Minimum Wage Hearing Philadelphia City Council Supporters of the legislation, which would extend the minimum wage ordinance to subcontractors such as those at the Philadelphia International Airport, packed Council chambers during a committee hearing last week.
Credit: Charles Mostoller / Metro

A bill was introduced today that would not only end the allowance of a sub-minimum wage for employees who receive tips but also raise the overall minimum wage to $12 an hour.

State Sens. Daylin Leach (D-Montogomery/Delaware) and Mike Stack (D-Philadelphia) introduced S.B. 1317, saying that poverty wages have been putting an impossible burden on working families for too long.

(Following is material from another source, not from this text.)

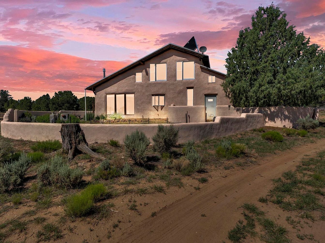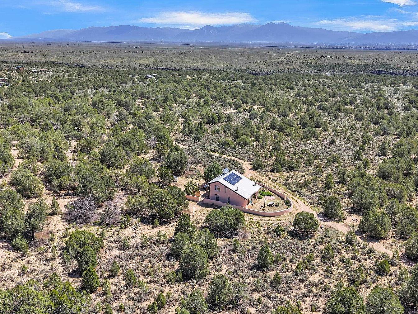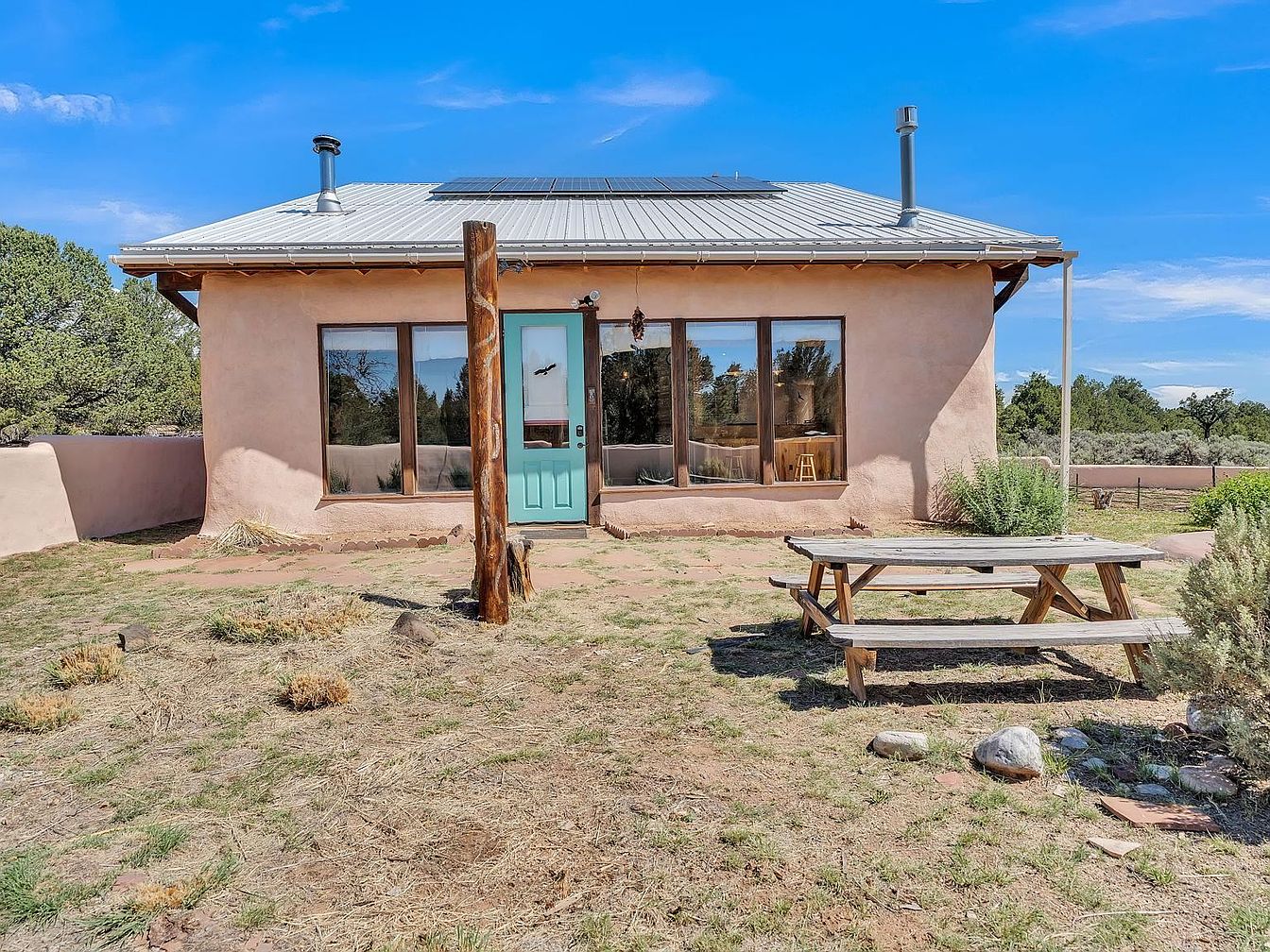 This extraordinary off-grid Territorial-style home in Carson, New Mexico, perfectly blends historical significance with modern sustainable living on 20 acres of piñon and juniper forest. Built to harness passive solar warmth, it features massive beams, flagstone and tile flooring, a chef-inspired kitchen, and open-concept living ideal for family life. Recent upgrades include brand new lithium solar batteries and a private well, making it a rare eco-friendly opportunity. Enjoy scenic views of Taos and the Sangre de Cristo Mountains from expansive windows and the lush courtyard. The property also includes a versatile straw bale casita, abundant wildlife, and proximity to the Rio Grande. Listed at $449,000, this sanctuary offers unmatched privacy and a unique historical charm.
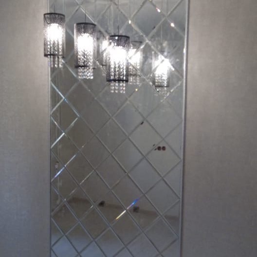 Зеркально панно было сделано из зеркальной плитки 30х30 см, размер панно 255х255 см

“Adjusting the minimum wage to account for inflation prevents working families from being trapped in poverty and reduces dependence on public assistance,” Stack said. “Fair wages for a day’s work is fundamental to achieving the American dream and generating self-determination and independence.”

Leach went on to say that tipped minimum wage hasn’t changed in more than 20 years and business owners have for too long been taking advantage of low-wage, disproportionately female workers. ““Pennsylvania’s economy will grow as over 1 million workers in PA would see their wages rise if we pass this bill.”

If this bill passes, it would index the minimum wage to inflation each year. Currently, 11 states do it that way.

“In Pennsylvania, nearly two-thirds of minimum wage workers and workers in tipped occupations are women,” said Wendy Voet, executive director of Women’s Way. “In order to move the needle on women’s status as a whole, and to support the economic success of our communities, we need to support policies and programs to enhance women’s economic security.”

Current Pennsylvania law allows for a tip credit that permits employers to use tips against all but $2.83 of the current $7.25 minimum wage. The federal minimum wage for tipped workers is $2.13, and has not changed for more than 20 years.

Seven states with some of the country’s highest minimum wages don’t allow the tip credit, the senators noted.